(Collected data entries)
********************

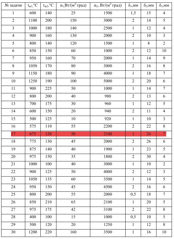 ДЗ 1: Теплопередача через многослойную плоскую стенку вариант 17
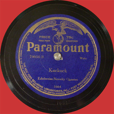 Kuckuck with the Edelweiss Novelty Quartet. 70036-B Paramount label no. 1664. Produced by The New York Recording Laboratories, Port Washington, Wisconsin. List price when new was seventy-five cents.
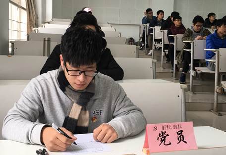学院学生党支部推行学生党员“考场亮身份是为了进一步规范考风考纪、建设诚信考风、发挥党员先锋模范作用,旨在通过印有党员字样的红色席卡使学生党员在考场中亮明身份,接受广大师生监督,发挥党员表率作用,树立诚信考试的示范榜样。
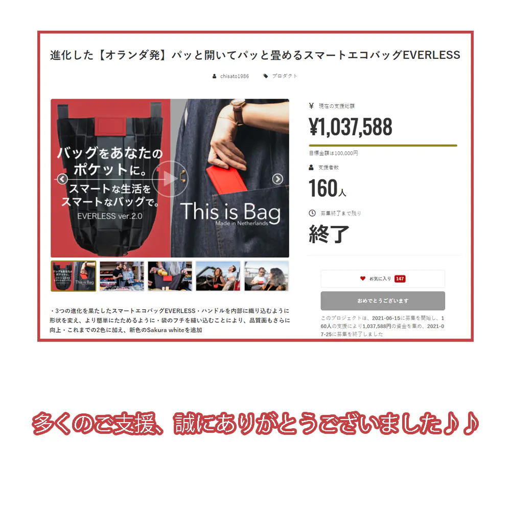 この度は私のEVERLESSのキャンペーンにご支援頂きまして、誠にありがとうございます。
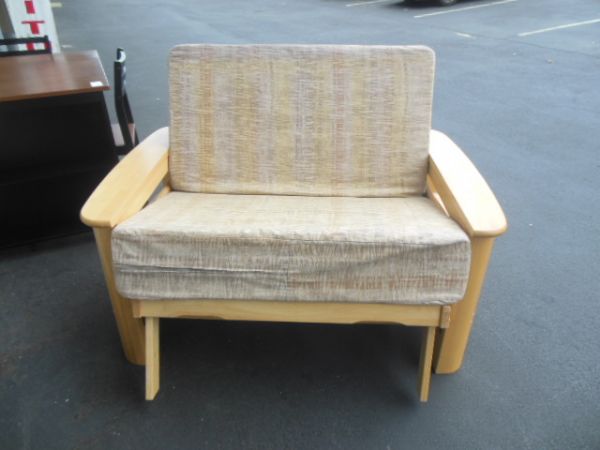 Convertible Solid Wood Twin Futon Chair w/Storage Arms and Magazine Racks.
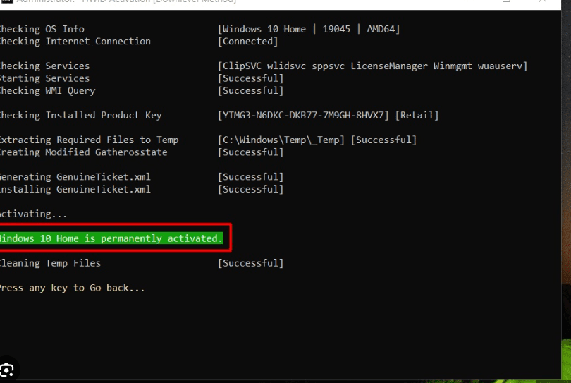 **ขั้นตอนที่ 5:** รอสักครู่ เมื่อปรากฏข้อความ “Activation successful” แสดงว่า Windows 11 ถูกเปิดใช้งานแล้ว
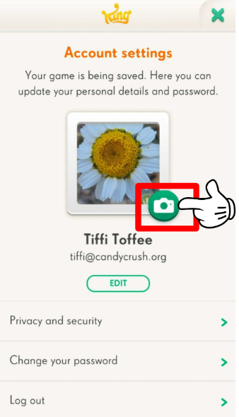 If you do not see the Camera icon, your game do not have the option to change the profile picture. Because, King has made changes to some players' accounts. Hence, some players might not have the option to change their profile picture!
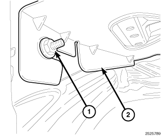 7. Remove lower bolt (1) and battery tray (2).
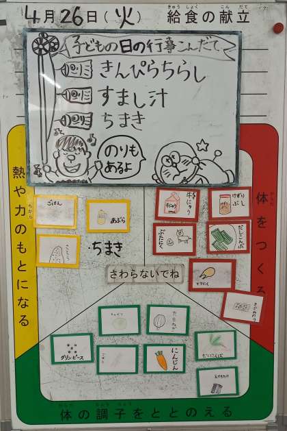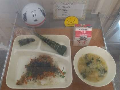 今日は、こどもの日の行事献立『きんぴらちらし、すまし汁、ちまき、牛乳』でした。
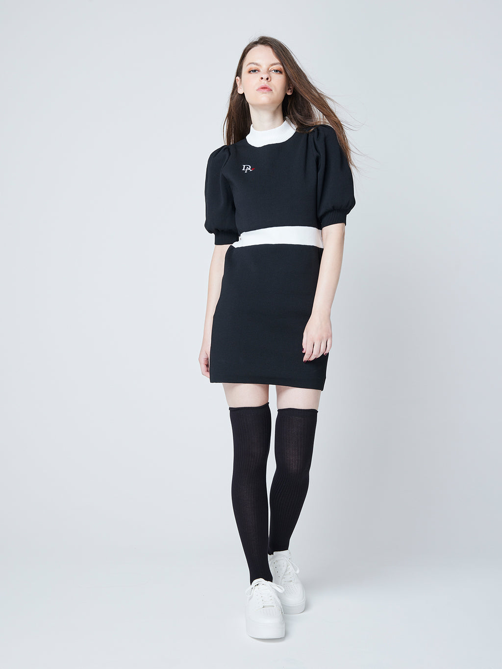 上半身は若干のゆとりをもたし、スカート部分はハイウエストな切り返し。タイトな作りで美しいシルエットを演出します。肉厚な生地で、伸縮性もあり着心地がいいアイテムです。カラーは、ブラック、ホワイトの2色展開です。
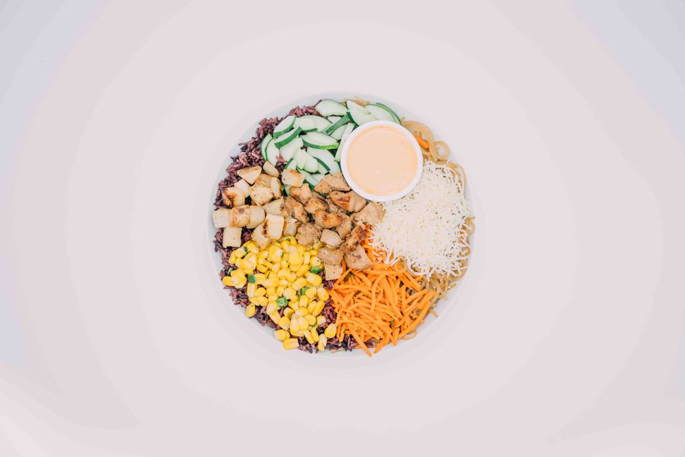 Fully customizable bowl with your choice of one protein, bases, toppings, and sauces.
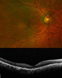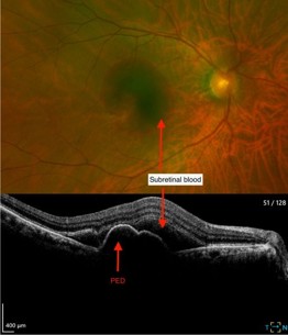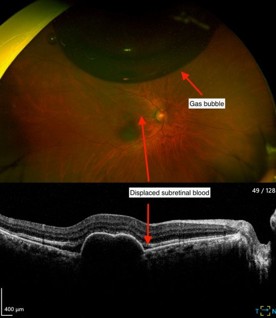 Examination should include visual acuity, intraocular pressure measurement, slit-lamp examination and fundoscopy to determine the extent and location of the haemorrhage (presence of vitreous, pre-retinal, intraretinal, subretinal, sub-retinal pigment epithelium (RPE) haemorrhage). For imaging, optical coherence tomography (OCT) is mandatory to determine whether the bleed is subretinal or sub-RPE, which will affect management decisions. Colour fundus photos can also assist in differentiating the anatomical layers – pre-retinal haemorrhage will obscure retinal vasculature, whilst subretinal haemorrhage has a lighter colour than sub-RPE bleed.
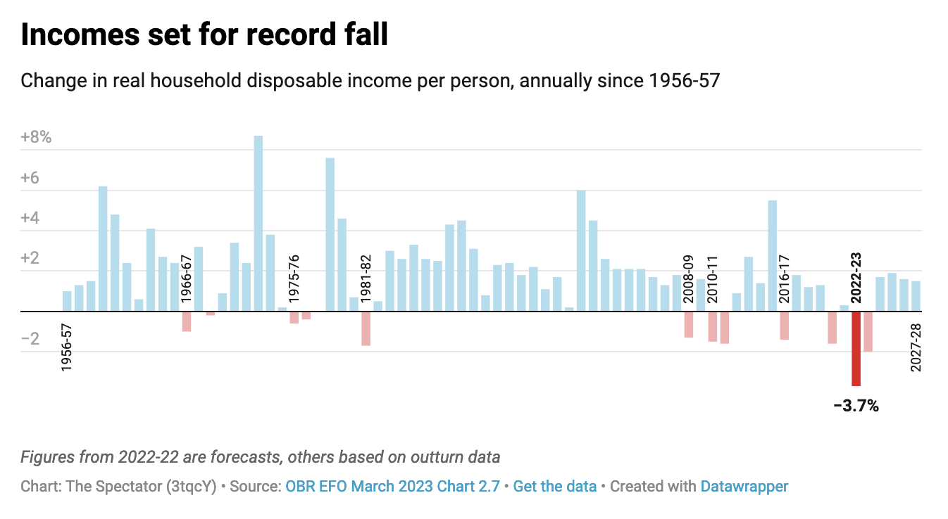 - Living standards face their worst fall since the 1950s. The OBR’s estimates for real gross domestic income have slightly improved on the November forecast but they still mean the worst fall in living standards for generations.
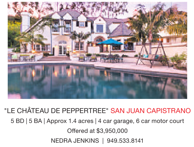 "LE CHÂTEAU DE PEPPERTREE" SAN JUAN CAPISTRANO 5BD|5BA|Approx 1.4 acres |4car garage, 6car motor court Offered at $3,950,000 NEDRA JENKINS | 949.533.8141
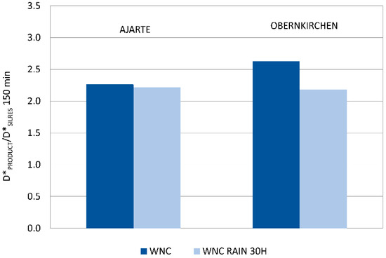 Ratio of discolouration values (D*) of WNC (D*PRODUCT) and corresponding values for the reference non-photocatalytic product Silres BS 290 (D*SILRES) at 150 min irradiation for Ajarte and Obernkirchen stones after rain ageing for 30 h.
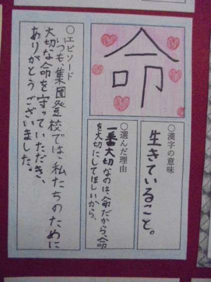 5年生からのメッセージです。ありがとうの気持ちを漢字で表しました。
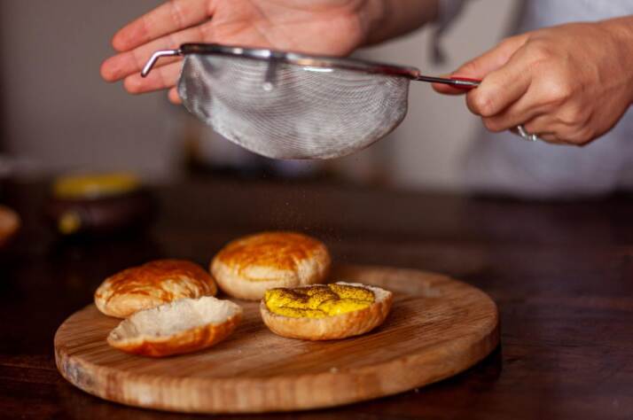 Farcire la base con l’aiuto di una sac à poche, e cospargere con un pizzico di caffè macinato, infine chiudere i panini con la parte superiore della sfoglia.
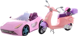 Różowy samochód (33 cm), realistyczny skuter (30 cm) i rower (17 cm) pozwolą lalkom wyruszyć na wycieczki, do miasta i do parku. Są łatwe w prowadzeniu i wspierają dynamiczną zabawę.
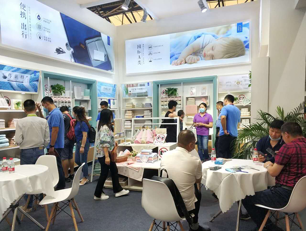 現(xiàn)場(chǎng)參展的紗布系列、鳥巢格系列、抗菌系列毛巾獲得了一致好評(píng)。
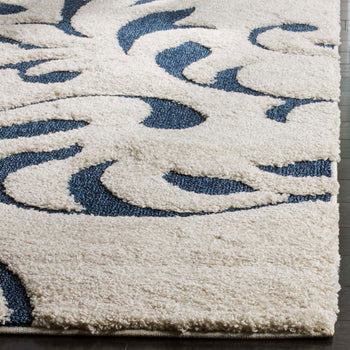 Proudly made in Turkey, the rug boasts a durable construction method renowned for producing long-lasting quality. The design pattern, visible in the image, features flowing curves and organic shapes in contrasting blue tones that dance across the cream background, adding visual interest and contemporary flair.
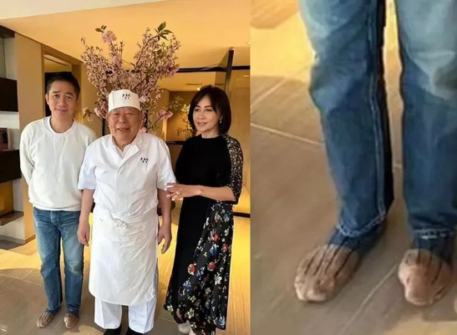 有一次,他和刘嘉玲一起在外面吃饭,需要跟厨师合影,他现场尴尬的脚趾抓地。
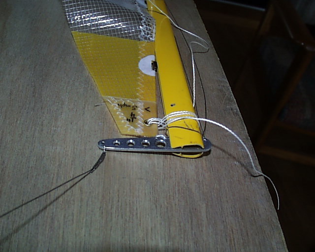 The line hinge provides the same function but is thought to be less restrictive, particularly in light air. It is easy to do. This hinge is installed when the mainsail is installed on the mast. The idea is to make a figure 8 routing of 80# Spectra or 30# Spiderwire. The confluence of the two loops are, of course, the hinge and should not be tight. Here you see the first effort in such a hinge. Two wraps should be all that is needed instead of the three shown. Finish this with a square knot away from the hinge.
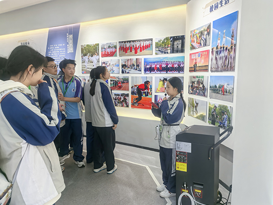 此次活動采取分批參觀形式進行,每周組織一個學部的學生參觀。校史館內,一張張珍貴的照片成為歷史的見證。由24級導游班7名學生和23市政班1名學生共同組成的講解團,輪流上陣,他們用生動語言將學生的發展歷程娓娓道來,從建校初心到辦學成果,從專業發展到杰出校友事跡,無一不涵蓋其中。高一學生們在照片前久久駐足,從黑白影像中深切感受往昔歲月的痕跡,從電子相冊的光影流轉里領略學校日新月異的變遷。這一刻,他們仿佛與先輩們進行了一場跨越時空的對話,心中充滿了對學校歷史的敬畏與對未來的憧憬。

********************

Task prompt >> The required output is the exact run of lines from the start of the records through the line containing "Fully customizable bowl", both ends included, with no pictures.

Result of the task >>
 ДЗ 1: Теплопередача через многослойную плоскую стенку вариант 17
 Kuckuck with the Edelweiss Novelty Quartet. 70036-B Paramount label no. 1664. Produced by The New York Recording Laboratories, Port Washington, Wisconsin. List price when new was seventy-five cents.
学院学生党支部推行学生党员“考场亮身份是为了进一步规范考风考纪、建设诚信考风、发挥党员先锋模范作用,旨在通过印有党员字样的红色席卡使学生党员在考场中亮明身份,接受广大师生监督,发挥党员表率作用,树立诚信考试的示范榜样。
 この度は私のEVERLESSのキャンペーンにご支援頂きまして、誠にありがとうございます。
 Convertible Solid Wood Twin Futon Chair w/Storage Arms and Magazine Racks.
 **ขั้นตอนที่ 5:** รอสักครู่ เมื่อปรากฏข้อความ “Activation successful” แสดงว่า Windows 11 ถูกเปิดใช้งานแล้ว
 If you do not see the Camera icon, your game do not have the option to change the profile picture. Because, King has made changes to some players' accounts. Hence, some players might not have the option to change their profile picture!
 7. Remove lower bolt (1) and battery tray (2).
 今日は、こどもの日の行事献立『きんぴらちらし、すまし汁、ちまき、牛乳』でした。
 上半身は若干のゆとりをもたし、スカート部分はハイウエストな切り返し。タイトな作りで美しいシルエットを演出します。肉厚な生地で、伸縮性もあり着心地がいいアイテムです。カラーは、ブラック、ホワイトの2色展開です。
 Fully customizable bowl with your choice of one protein, bases, toppings, and sauces.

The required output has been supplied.